=== Supplied material ===

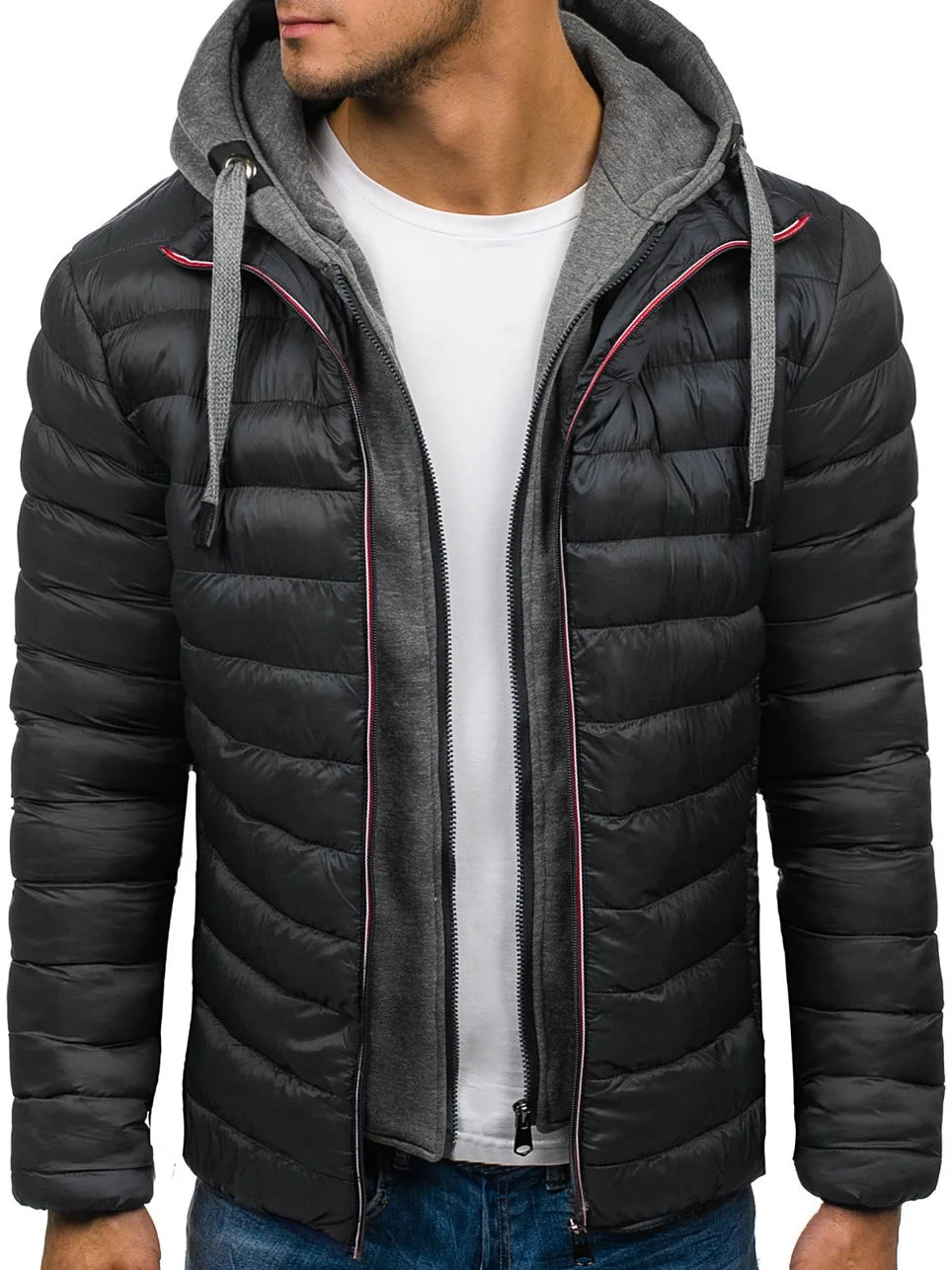 Мужской Хлопковый пуховик с капюшоном, черный однотонный Повседневн...
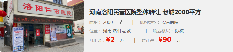 河南洛陽(yáng)民營(yíng)醫(yī)院整體轉(zhuǎn)讓 老城2000平方
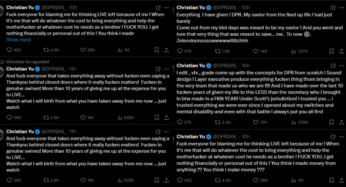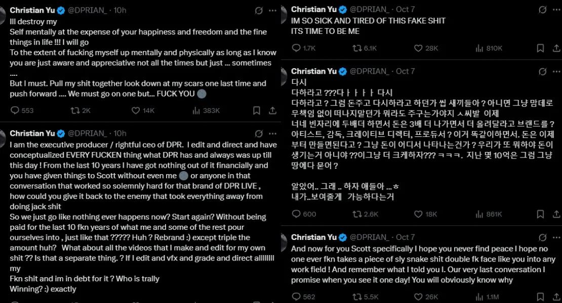 Christian Yu, better known as DPR Ian (유바롬), has seemingly reached a breaking point amid ongoing conflict within his label, Dream Perfect Regime (DPR). The artist took to Twitter yesterday (Tuesday, 7th October) to express his frustration, revealing that he had been keeping certain matters to himself for a very long time.
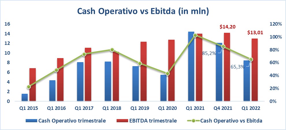 Rapportando tali valori con l’EBITDA prodotto, nell’ultimo trimestre si nota una contrazione (65% vs 85% nel IV° trimestre). Tale valore è però allineato con quanto riportato nei Q1 nei precedenti esercizi.
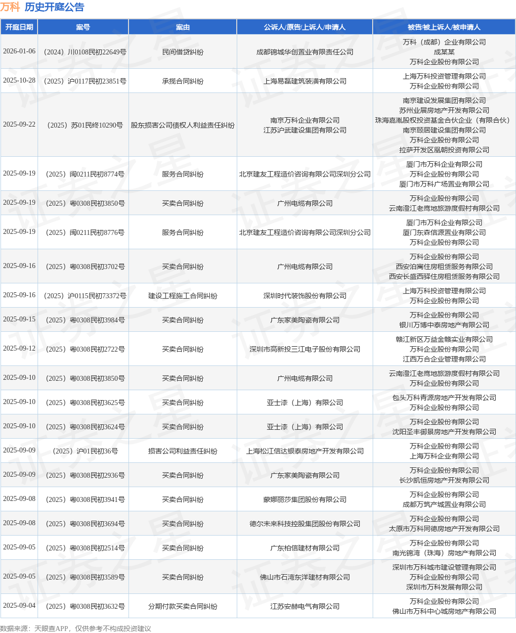 案号:(2025)苏01民终10290号根据统计,近一年内以万科企业股份有限公司为当事人的历史开庭公告有368则,其中案由为“买卖合同纠纷”的公告以226则居首,其次为“建设工程施工合同纠纷”有28则,“合同纠纷”有17则。历史开庭公告(前20条)如下:
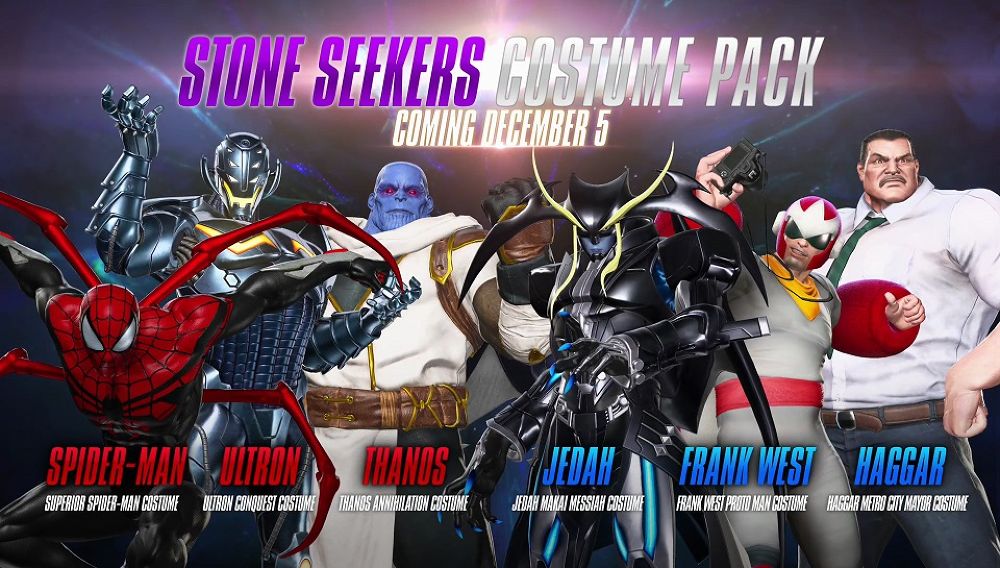 "Stone Seekers Costume Pack" เป็นชุดคอสตูมที่จะอัพเดทให้กับตัวละคร Ultron, Thanos, Spider-Man, Frank West, Haggar และ Jedah โดยราคาเนื้อหาเสริม [DLC] สนนราคาอยู่ที่ราวๆ $3.99 หรือตีเป็นเงินไทย 140 บาทต่อชุด ซึ่งจะวางจำหน่ายอย่างเป็นทางการในวันที่ 5 ธันวาคมที่จะถึงนี้ทุกแพลทฟอร์มทั้ง PC, PlayStation 4 และ Xbox One

===

● **How to complete this task**: Write out the data once more exactly, omitting the pictures.

● **Response**:
 Мужской Хлопковый пуховик с капюшоном, черный однотонный Повседневн...
 河南洛陽(yáng)民營(yíng)醫(yī)院整體轉(zhuǎn)讓 老城2000平方
 Christian Yu, better known as DPR Ian (유바롬), has seemingly reached a breaking point amid ongoing conflict within his label, Dream Perfect Regime (DPR). The artist took to Twitter yesterday (Tuesday, 7th October) to express his frustration, revealing that he had been keeping certain matters to himself for a very long time.
 Rapportando tali valori con l’EBITDA prodotto, nell’ultimo trimestre si nota una contrazione (65% vs 85% nel IV° trimestre). Tale valore è però allineato con quanto riportato nei Q1 nei precedenti esercizi.
 案号:(2025)苏01民终10290号根据统计,近一年内以万科企业股份有限公司为当事人的历史开庭公告有368则,其中案由为“买卖合同纠纷”的公告以226则居首,其次为“建设工程施工合同纠纷”有28则,“合同纠纷”有17则。历史开庭公告(前20条)如下:
 "Stone Seekers Costume Pack" เป็นชุดคอสตูมที่จะอัพเดทให้กับตัวละคร Ultron, Thanos, Spider-Man, Frank West, Haggar และ Jedah โดยราคาเนื้อหาเสริม [DLC] สนนราคาอยู่ที่ราวๆ $3.99 หรือตีเป็นเงินไทย 140 บาทต่อชุด ซึ่งจะวางจำหน่ายอย่างเป็นทางการในวันที่ 5 ธันวาคมที่จะถึงนี้ทุกแพลทฟอร์มทั้ง PC, PlayStation 4 และ Xbox One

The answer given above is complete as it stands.